▸ DATASET SECTION
——

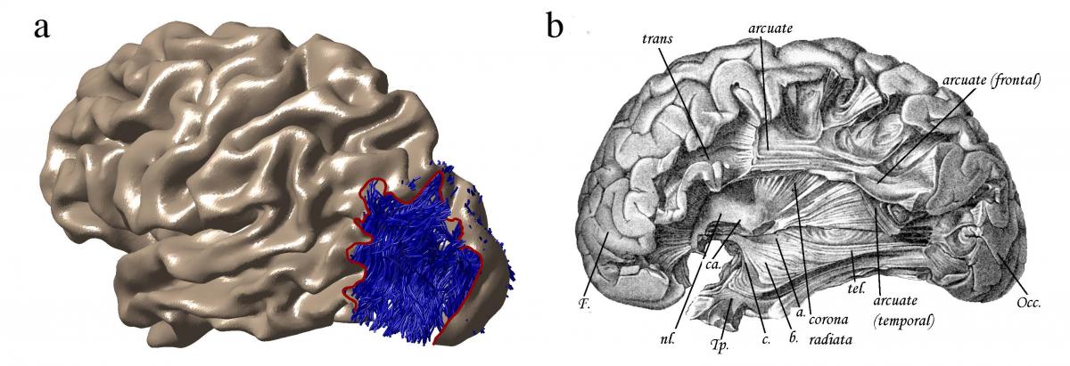 The figure below is a side by side comparison of a side view of the brain with the occipital lobe – where visual information is processed – pointing toward the right. The image on the left depicts the vertical occipital fasciculus as a bundle of blue fibers in the occipital lobe. It is taken from Yeatman and colleagues' diffusion MRI measurements. On the right is a drawing of the same region of the brain by neuroanatomist Theodor Meynert. It appears in am article published in 1892 and while it points out other prominent brain pathways, it leaves out the vertical occipital fasciculus – which would be at the far right side of this illustration, behind the layers of cortex. By covering up the VOF with cortex, "It's like Meynert was saying 'Nothing to see here,'" Yeatman joked. The VOF contradicted Meynert’s theory that all association fibers traveled from back to front rather than vertically.
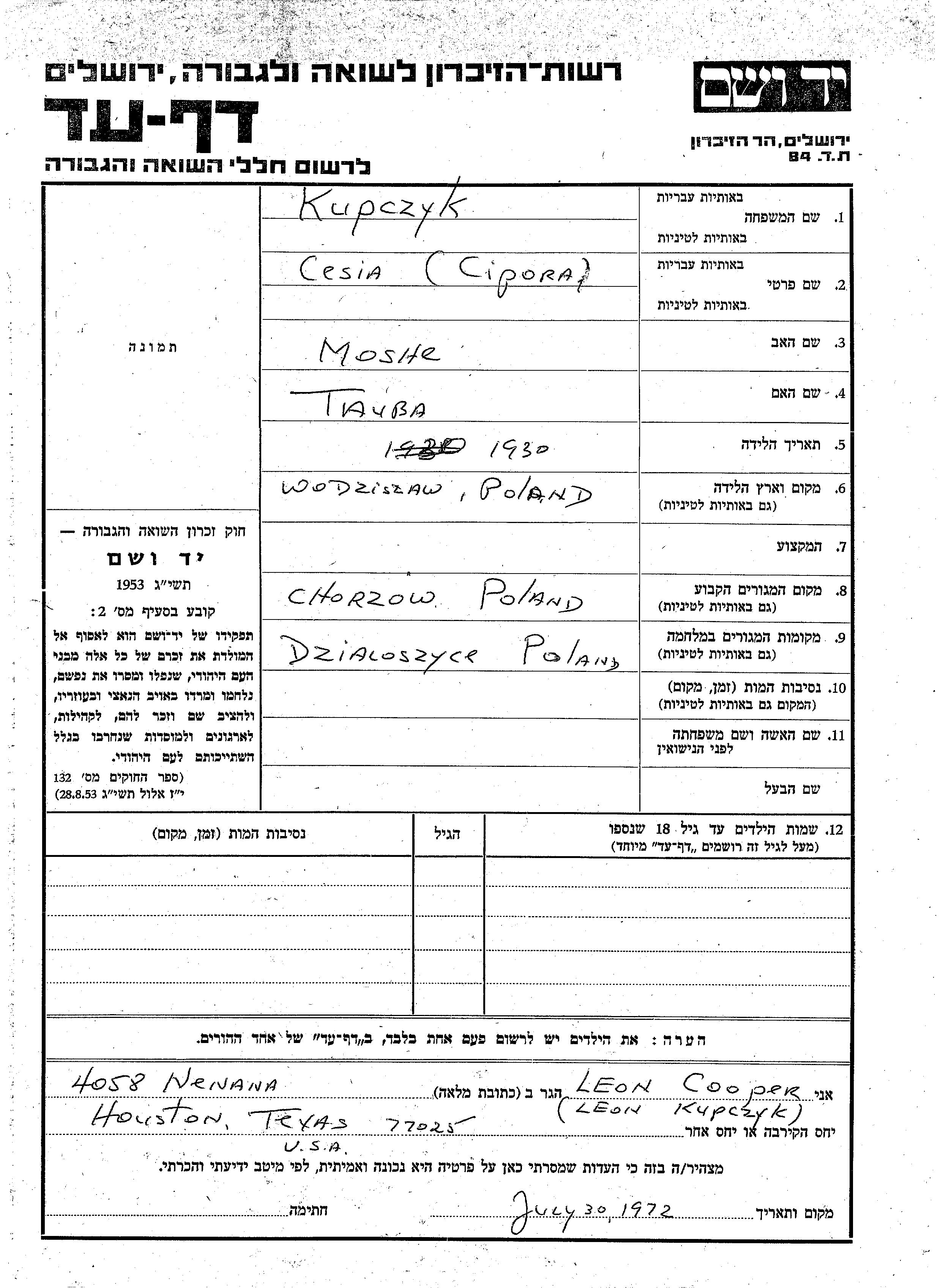 Купчик Цеся Ципора 1930 Хожув, Польша Лист свидетельских показаний
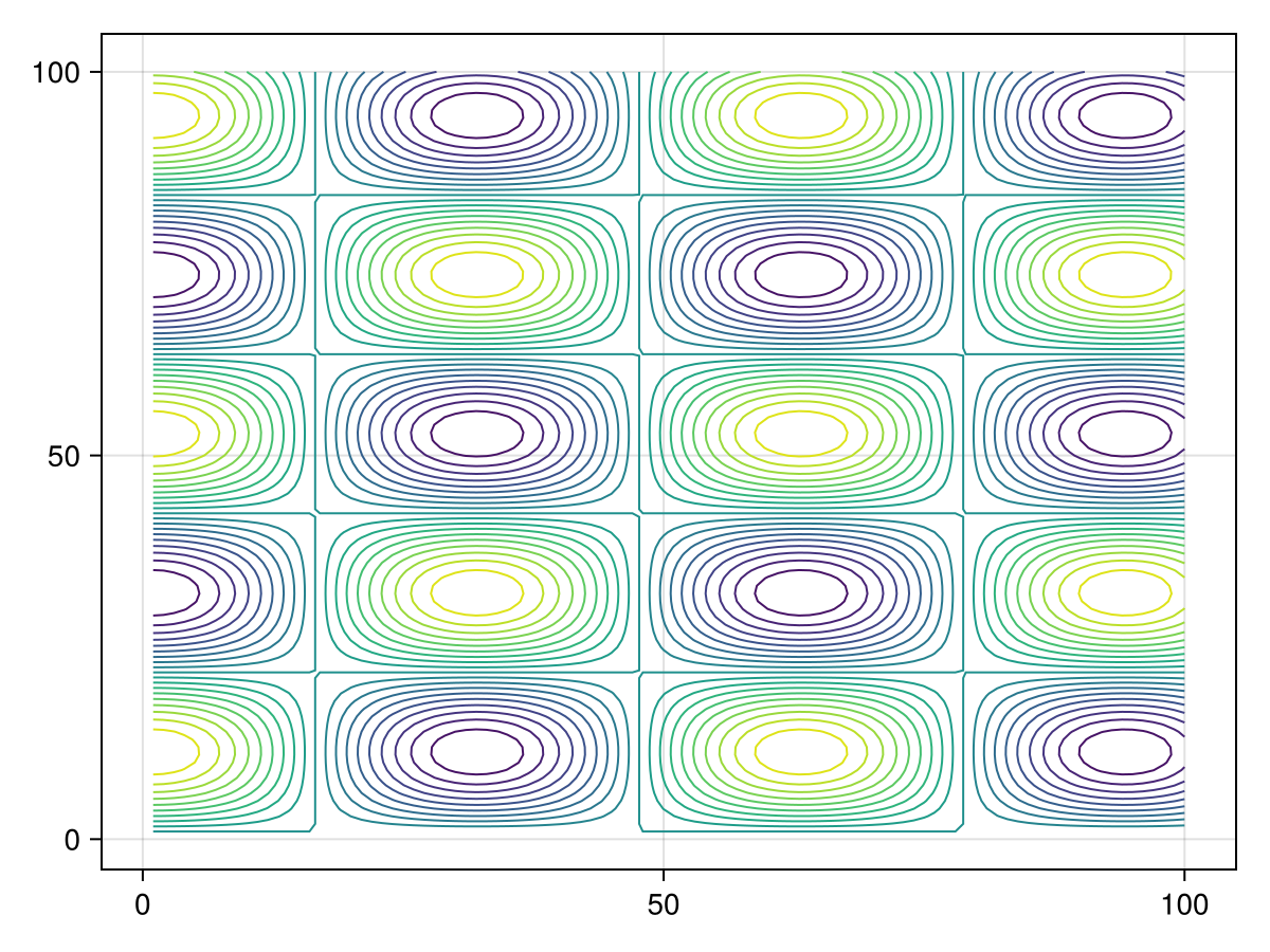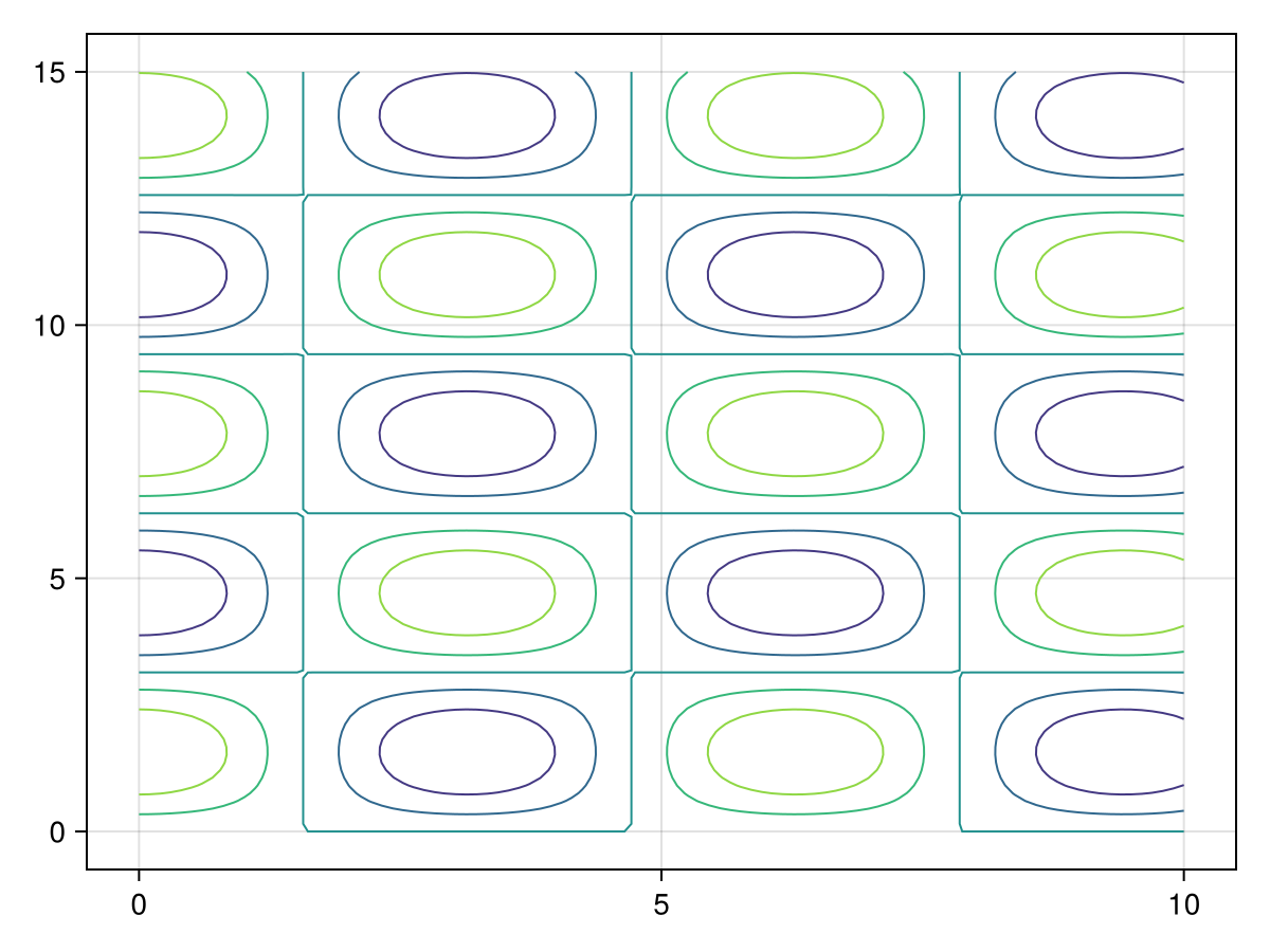 contour(z::Matrix)Creates a contour plot of the plane spanning x::Vector, y::Vector, z::Matrix. If only z::Matrix is supplied, the indices of the elements in z will be used as the x and y locations when plotting the contour.

——

Locate the line containing "Купчик Цеся Ципора" in the material above, then repeat it and every later line exactly, with no pictures.

 Купчик Цеся Ципора 1930 Хожув, Польша Лист свидетельских показаний
 contour(z::Matrix)Creates a contour plot of the plane spanning x::Vector, y::Vector, z::Matrix. If only z::Matrix is supplied, the indices of the elements in z will be used as the x and y locations when plotting the contour.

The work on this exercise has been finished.